### SOURCE MATERIAL:
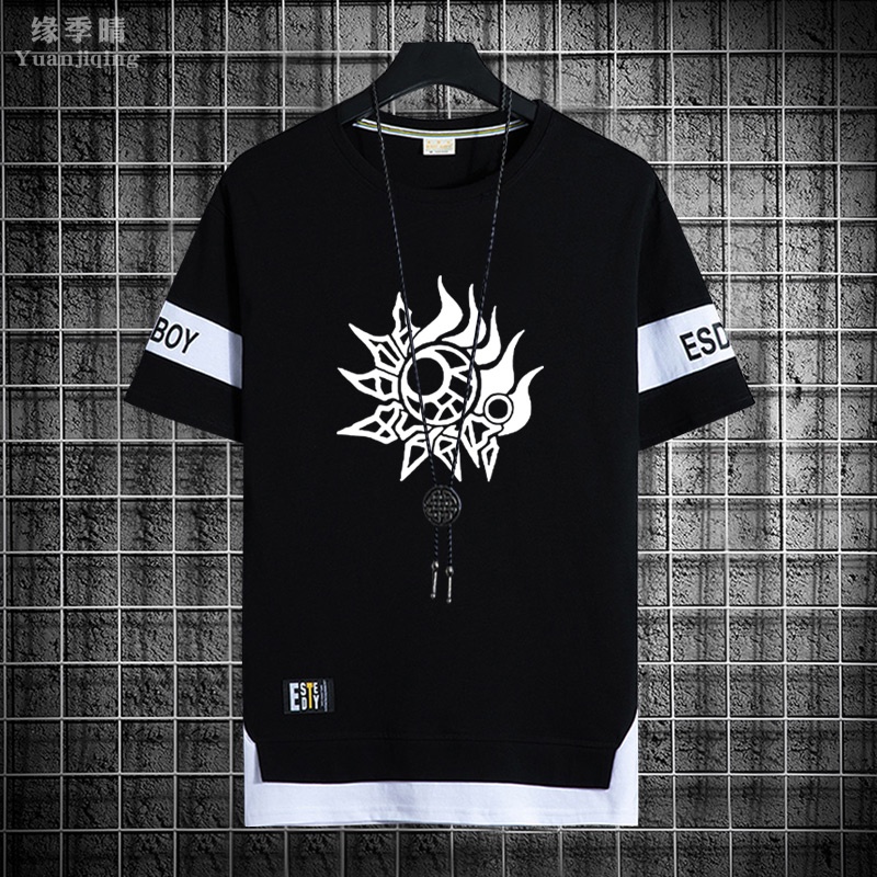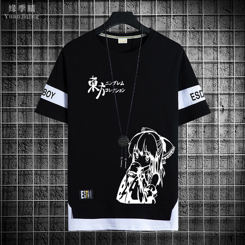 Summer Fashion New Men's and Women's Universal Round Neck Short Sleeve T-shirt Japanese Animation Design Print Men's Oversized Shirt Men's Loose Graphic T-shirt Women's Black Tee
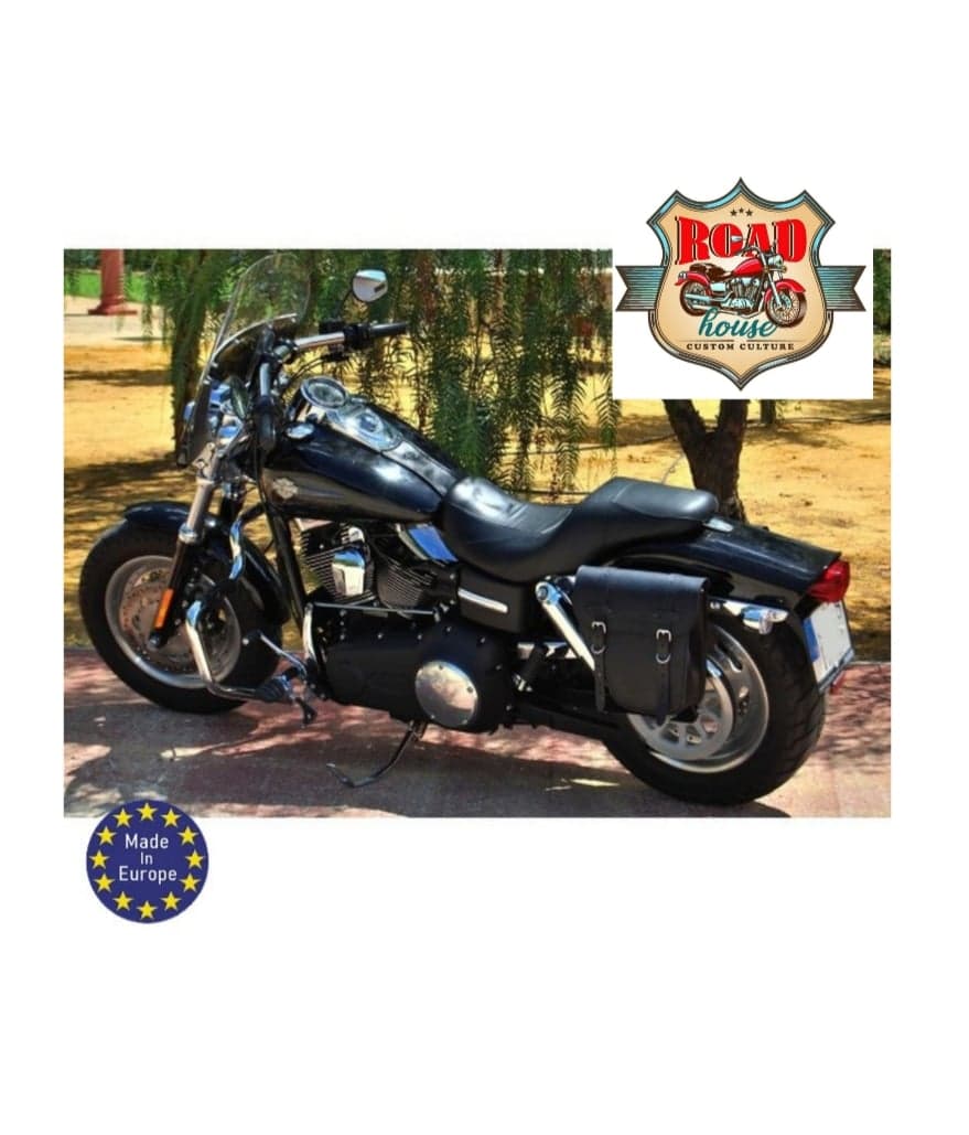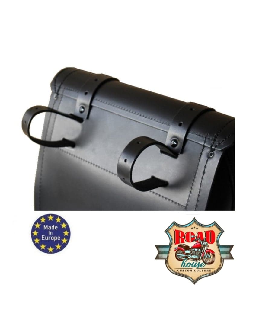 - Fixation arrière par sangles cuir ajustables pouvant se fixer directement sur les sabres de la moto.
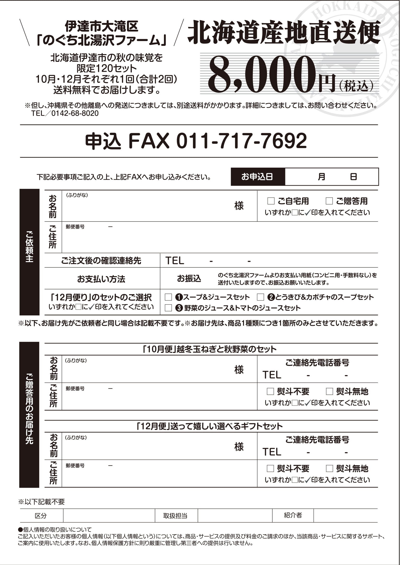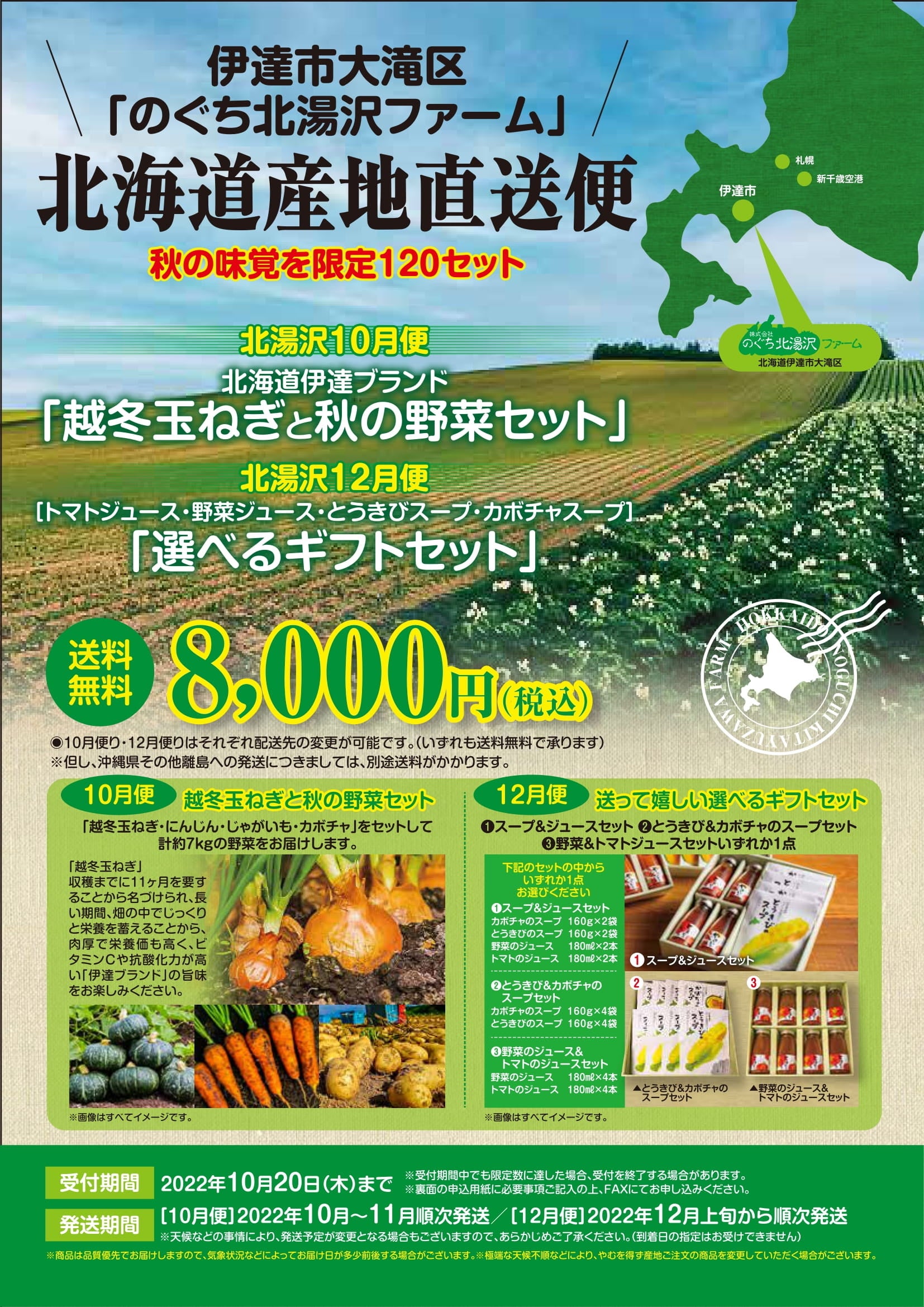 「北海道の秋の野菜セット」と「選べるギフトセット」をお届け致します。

...

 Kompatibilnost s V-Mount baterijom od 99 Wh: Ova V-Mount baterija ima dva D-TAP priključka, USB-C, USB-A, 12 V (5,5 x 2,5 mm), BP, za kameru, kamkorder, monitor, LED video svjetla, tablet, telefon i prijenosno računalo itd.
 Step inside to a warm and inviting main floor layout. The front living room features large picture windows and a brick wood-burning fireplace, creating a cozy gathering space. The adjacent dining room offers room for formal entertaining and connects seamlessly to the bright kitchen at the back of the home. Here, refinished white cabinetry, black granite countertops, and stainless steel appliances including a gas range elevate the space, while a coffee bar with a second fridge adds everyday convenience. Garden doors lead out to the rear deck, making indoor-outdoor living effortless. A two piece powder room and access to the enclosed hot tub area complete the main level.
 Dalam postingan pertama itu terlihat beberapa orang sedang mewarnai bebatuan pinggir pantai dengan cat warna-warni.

* * *

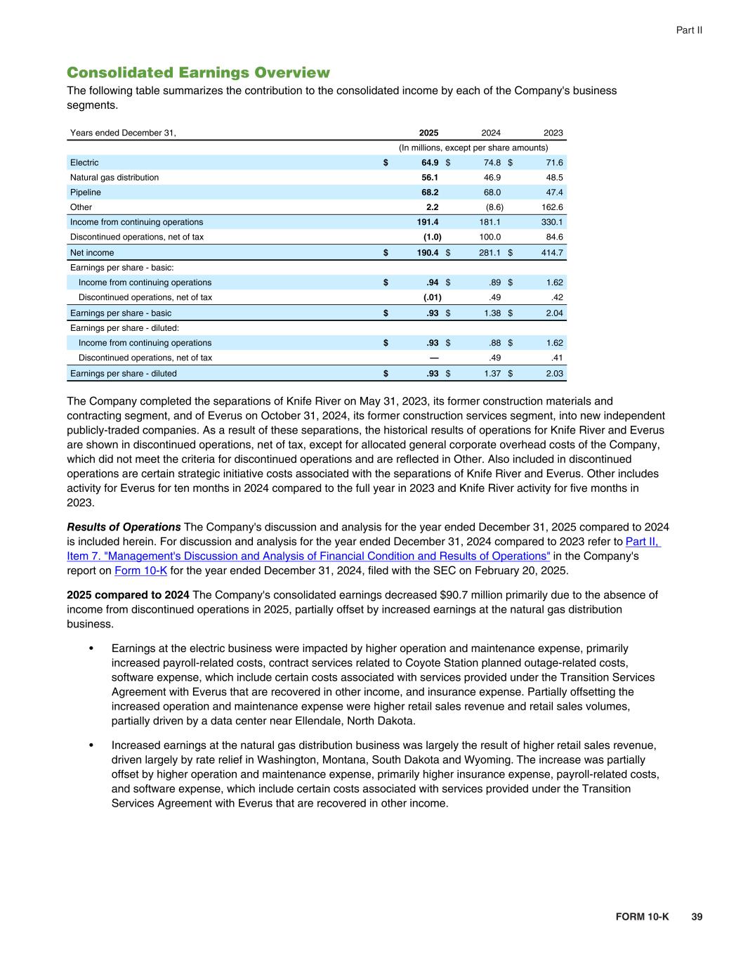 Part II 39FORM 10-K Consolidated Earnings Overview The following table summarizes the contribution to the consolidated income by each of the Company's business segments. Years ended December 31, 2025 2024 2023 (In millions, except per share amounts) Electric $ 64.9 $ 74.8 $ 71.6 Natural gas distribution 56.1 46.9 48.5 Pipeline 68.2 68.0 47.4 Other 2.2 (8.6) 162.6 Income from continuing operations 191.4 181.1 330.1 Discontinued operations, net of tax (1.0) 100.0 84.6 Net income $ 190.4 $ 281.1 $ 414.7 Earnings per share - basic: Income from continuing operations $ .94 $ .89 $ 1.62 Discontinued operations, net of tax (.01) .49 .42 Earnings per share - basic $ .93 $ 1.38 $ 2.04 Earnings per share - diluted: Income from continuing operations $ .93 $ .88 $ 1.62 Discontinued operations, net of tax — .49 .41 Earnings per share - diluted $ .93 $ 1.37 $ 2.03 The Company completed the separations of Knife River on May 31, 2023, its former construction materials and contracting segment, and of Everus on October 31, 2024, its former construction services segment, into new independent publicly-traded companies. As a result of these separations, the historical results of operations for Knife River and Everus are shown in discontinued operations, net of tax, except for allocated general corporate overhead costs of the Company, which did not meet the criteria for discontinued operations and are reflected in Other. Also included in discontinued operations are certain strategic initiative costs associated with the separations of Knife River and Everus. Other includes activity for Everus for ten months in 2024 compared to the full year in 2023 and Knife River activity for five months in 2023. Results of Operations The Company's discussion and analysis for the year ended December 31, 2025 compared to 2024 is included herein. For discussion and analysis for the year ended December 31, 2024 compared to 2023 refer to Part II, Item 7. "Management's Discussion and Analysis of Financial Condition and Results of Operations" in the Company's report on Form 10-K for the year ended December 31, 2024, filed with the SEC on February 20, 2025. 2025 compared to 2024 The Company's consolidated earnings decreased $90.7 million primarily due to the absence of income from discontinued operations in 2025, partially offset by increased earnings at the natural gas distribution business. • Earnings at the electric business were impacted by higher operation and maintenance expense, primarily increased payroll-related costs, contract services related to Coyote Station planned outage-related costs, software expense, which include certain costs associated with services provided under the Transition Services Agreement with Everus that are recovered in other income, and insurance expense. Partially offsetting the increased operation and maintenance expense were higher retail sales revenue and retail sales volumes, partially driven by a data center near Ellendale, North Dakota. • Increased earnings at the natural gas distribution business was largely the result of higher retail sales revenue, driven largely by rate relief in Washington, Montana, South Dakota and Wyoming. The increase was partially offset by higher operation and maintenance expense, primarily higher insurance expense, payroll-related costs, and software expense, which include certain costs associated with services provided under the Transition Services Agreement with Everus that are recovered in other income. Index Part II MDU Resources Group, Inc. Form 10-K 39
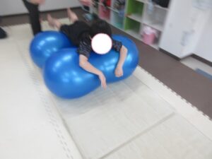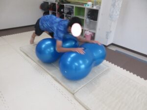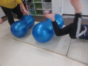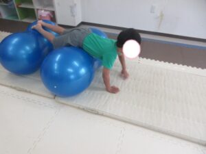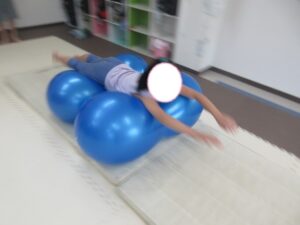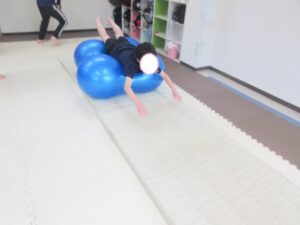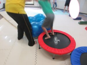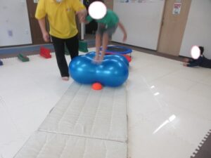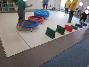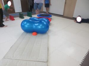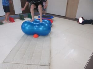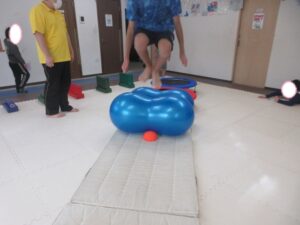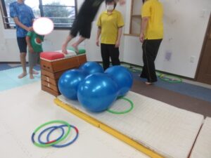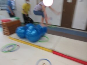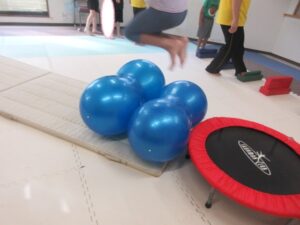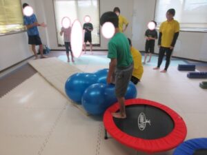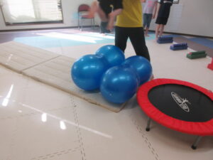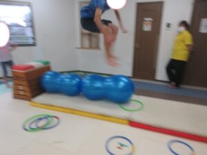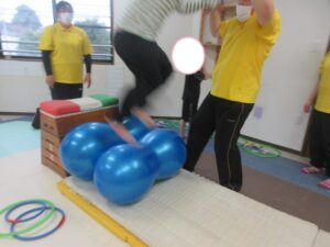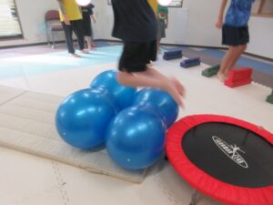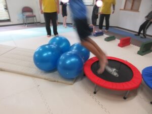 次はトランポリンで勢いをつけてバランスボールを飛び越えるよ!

### GOAL OF THE EXERCISE:
Among the records above, repeat exactly the line with "Step inside to", the line with "Dalam postingan pertama", and every line in between, and only those.

### WRITTEN SOLUTION:
 Step inside to a warm and inviting main floor layout. The front living room features large picture windows and a brick wood-burning fireplace, creating a cozy gathering space. The adjacent dining room offers room for formal entertaining and connects seamlessly to the bright kitchen at the back of the home. Here, refinished white cabinetry, black granite countertops, and stainless steel appliances including a gas range elevate the space, while a coffee bar with a second fridge adds everyday convenience. Garden doors lead out to the rear deck, making indoor-outdoor living effortless. A two piece powder room and access to the enclosed hot tub area complete the main level.
 Dalam postingan pertama itu terlihat beberapa orang sedang mewarnai bebatuan pinggir pantai dengan cat warna-warni.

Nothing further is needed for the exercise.